In any triangle the angle opposite the greater side is greater. | ||
Let ABC be a triangle having the side AC greater than AB.
I say that the angle ABC is also greater than the angle BCA. | ||
Since AC is greater than AB, make AD equal to AB, and join BD. | I.3
Post.1 | |
Since the angle ADB is an exterior angle of the triangle BCD, therefore it is greater than the interior and opposite angle DCB. | I.16 | |
But the angle ADB equals the angle ABD, since the side AB equals AD, therefore the angle ABD is also greater than the angle ACB. Therefore the angle ABC is much greater than the angle ACB. | I.5 | |
Therefore in any triangle the angle opposite the greater side is greater. | ||
Q.E.D. |
Take, for instance, the statements of this and the next proposition. Very literal translations of these are (I.18) "In any triangle, the greater side [as subject] the greater angle [as object] subtends," and (I.19) "In any triangle, the greater angle [as object] the greater side [as subject] subtends."

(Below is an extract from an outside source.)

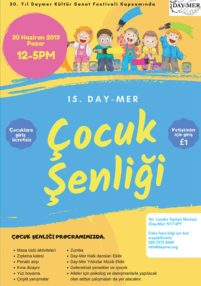 – 30 Haziran Pazar, 13.00: Çocuk Şenliği, Kuzey Londra Toplum Merkezi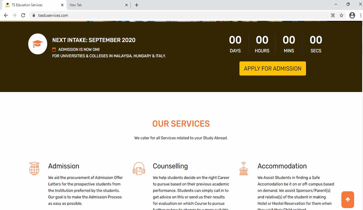The client was a Study Abroad Agency, there Website was Old and slow so, they urgently needed an Upgrade. It tooks us Two(2) Weeks to complete and TS Education Services Website was completely re-designed by March, 2019. Based on the Client request, the Website has numerous features such as:

Heath keeps the word order in his translation but makes the second statement passive: (I.18) "In any triangle the greater side subtends the greater angle," and (I.19) "In any triangle the greater angle is subtended by the greater side." Without the understanding that the data come first, these two sentences are logically equivalent.
In this translation the original word order is abandoned in order to make for more readable sentences and to clarify the meaning. Thus, (I.18) "In any triangle the angle opposite the greater side is greater," and (I.19) "In any triangle the side opposite the greater angle is greater."
It may sound like these two propositions really do say the same thing, but they don't. They're actually disguised converses of each other. I.18 says "if side AC > side AB, then angle ABC > angle BCA" (but it hasn't yet been shown that there is no other way for angle ABC to be greater), while I.19 says "if angle ABC > angle BCA, then side AC > side AB."